Transmission of the disease in cattle occurs similarly to that in sheep, mostly by ingestion of infected tissues during calving season, but C. abortus also causes seminal vesiculitis in bulls and rams, and may be transmitted in semen (as well as causing poor semen quality).
Chlamydial infections affect multiple organs and can create a variety of clinical signs, ranging from acute to chronic inflammation and from severe to mild or even subclinical disease. Aerosol transmission of the pathogen is one of the main infection routes; thus the respiratory system is often involved.
In cattle and pigs, chlamydial infections are widespread but often underdiagnosed. These pathogens have been isolated from a group of calves with pneumonia, systemic disease, and intestinal infections. Cultures of nasal and rectal samples from clinically normal young calves revealed a large percentage of subclinical infections during at least the first 30 days of age.

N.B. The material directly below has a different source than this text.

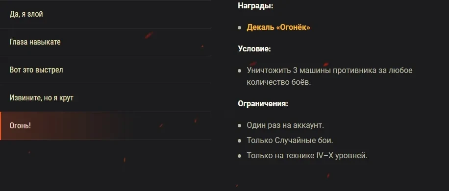 Цепочка боевых задач, за выполнение которых вы получите забавные декали. Выполняйте задачи по порядку, чтобы открывать следующие.

Long-lasting latent (hidden) infections have been documented in many species, including cattle. In some studies, Chlamydia have been found in the feces of 60% of normal calves. Clinical disease may not appear unless immune defenses are compromised by stress, other infections, nutritional deficiencies, or other factors.
Diagnosis is often difficult due to lack of characteristic clinical signs, or concurrent infection with other intestinal and respiratory pathogens, and the presence of Chlamydia in clinically normal calves. This organism is not easy to culture in the laboratory, and most diagnostic laboratories do not check for it.
Neither clinical signs nor lesions provide a definitive diagnosis. Detection of Chlamydia is not part of routine veterinary bacteriologic diagnosis; infections caused by these intracellular pathogens have been underestimated because isolation of the pathogen depends on specialized cell culture techniques.
Prevention
There have been a number of attempts in the past 70-plus years to create an effective vaccine to protect livestock from Chlamydia infections but none have been very successful. Currently, only two chlamydial vaccines are available commercially and they target C. felis in cats and C. abortus in sheep, but not cattle.
Treatment
Several antimicrobial products (tetracyclines, quinolones, macrolides, lincosamides, rifamycins) can hinder chlamydial replication. Tretracyclines or fluoroquinolones (enrofloxacin) are generally the drugs prescribed. To be effective, however, treatment must start as early as possible and continue for at least 7 days.
No antibiotic treatment for chlamydiae is truly bactericidal, however. It is suspected that antibiotics frequently induce persistent chlamydial infections by reducing host immunity--by suppressing antigen production while not completely eliminating the pathogen.